* Data below
╔══

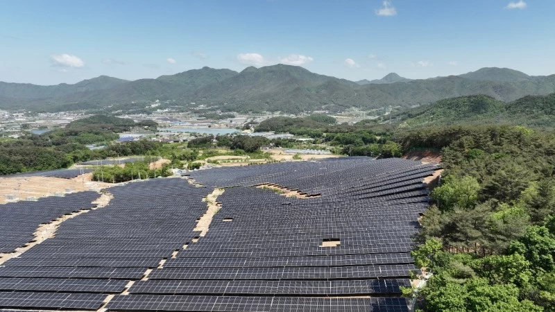 步入郁郁葱葱,群山环绕的江原道山间,可以看到一座24MW的地面光伏电站,科士达KSG系列115kW组串式逆变器正在此高效运行,搭配双面组件,实现绿电增益与低碳发展双丰收。
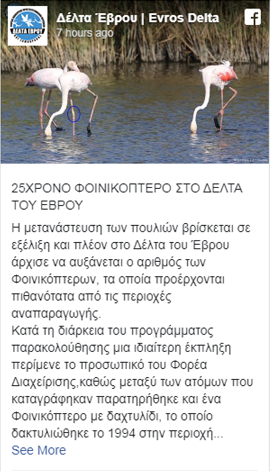 Τα τελευταία χρόνια καταγράφονται πολλά δακτυλιωμένα Φοινικόπτερα στο Δέλτα του Έβρου, λόγω της δραστηριοποίησης του Φορέα Διαχείρισης. Αυτές οι παρατηρήσεις δίνουν πολύτιμα δεδομένα για τα πουλιά, αλλά και για τη μεγάλη αξία του υγροτόπου για την ορνιθοπανίδα.
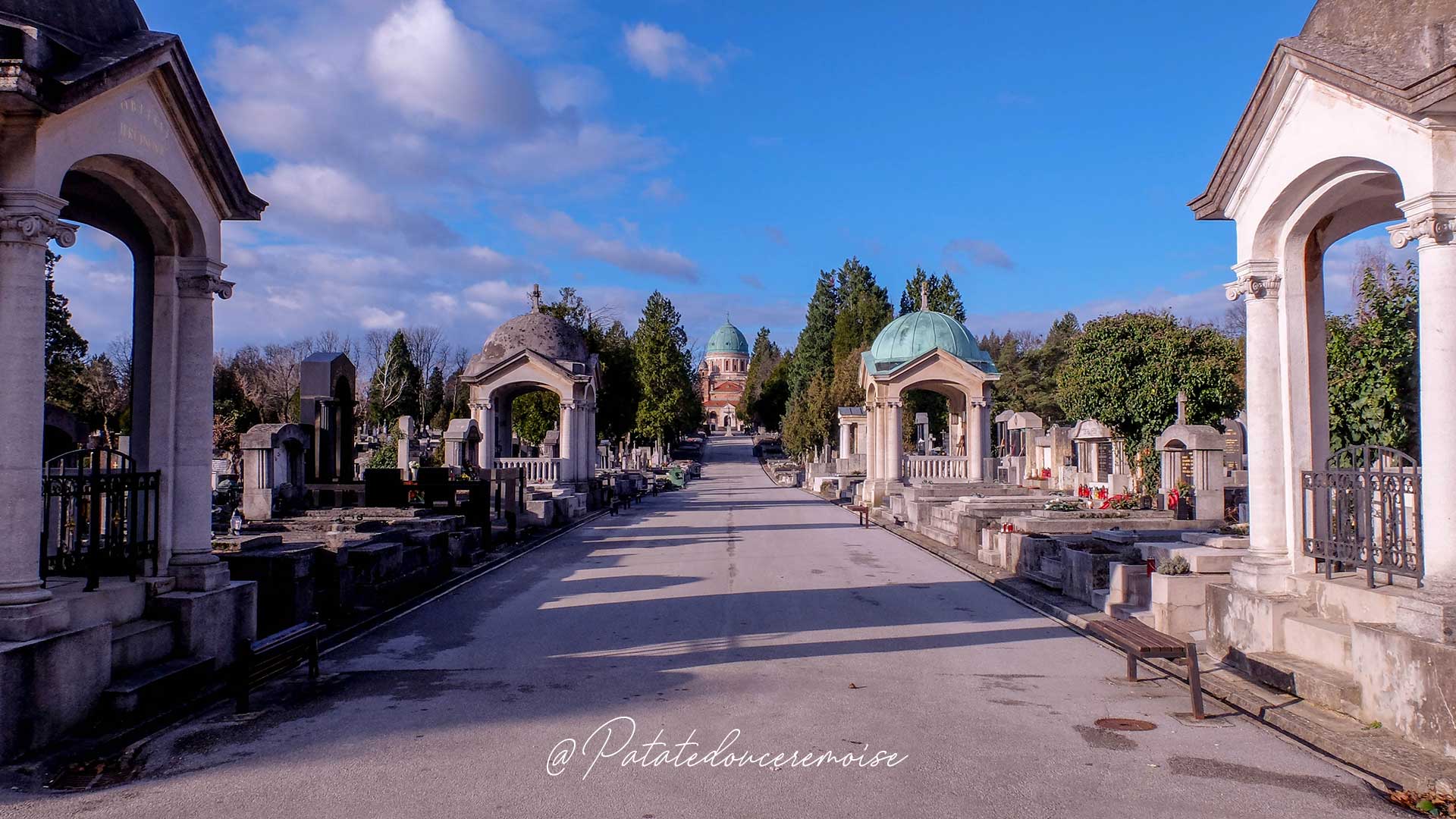 Légèrement à l’écart du centre historique de Zagreb, le cimetière de Mirogoj est un des plus beaux d’Europe. Les tombes sont encerclées de splendides arcades surmontées de leurs dômes. Nous nous sommes promenés dans les longues allées entre les tombes toutes plus décorées les unes que les autres. Sur les sépultures plus anciennes, le temps a fait son oeuvre et le lierre est venu recouvrir les statues, les noms, les photos de leurs occupants.

╚══

* Task details
Restate the entire listing word for word, excluding pictures.

* Expected answer
 步入郁郁葱葱,群山环绕的江原道山间,可以看到一座24MW的地面光伏电站,科士达KSG系列115kW组串式逆变器正在此高效运行,搭配双面组件,实现绿电增益与低碳发展双丰收。
 Τα τελευταία χρόνια καταγράφονται πολλά δακτυλιωμένα Φοινικόπτερα στο Δέλτα του Έβρου, λόγω της δραστηριοποίησης του Φορέα Διαχείρισης. Αυτές οι παρατηρήσεις δίνουν πολύτιμα δεδομένα για τα πουλιά, αλλά και για τη μεγάλη αξία του υγροτόπου για την ορνιθοπανίδα.
 Légèrement à l’écart du centre historique de Zagreb, le cimetière de Mirogoj est un des plus beaux d’Europe. Les tombes sont encerclées de splendides arcades surmontées de leurs dômes. Nous nous sommes promenés dans les longues allées entre les tombes toutes plus décorées les unes que les autres. Sur les sépultures plus anciennes, le temps a fait son oeuvre et le lierre est venu recouvrir les statues, les noms, les photos de leurs occupants.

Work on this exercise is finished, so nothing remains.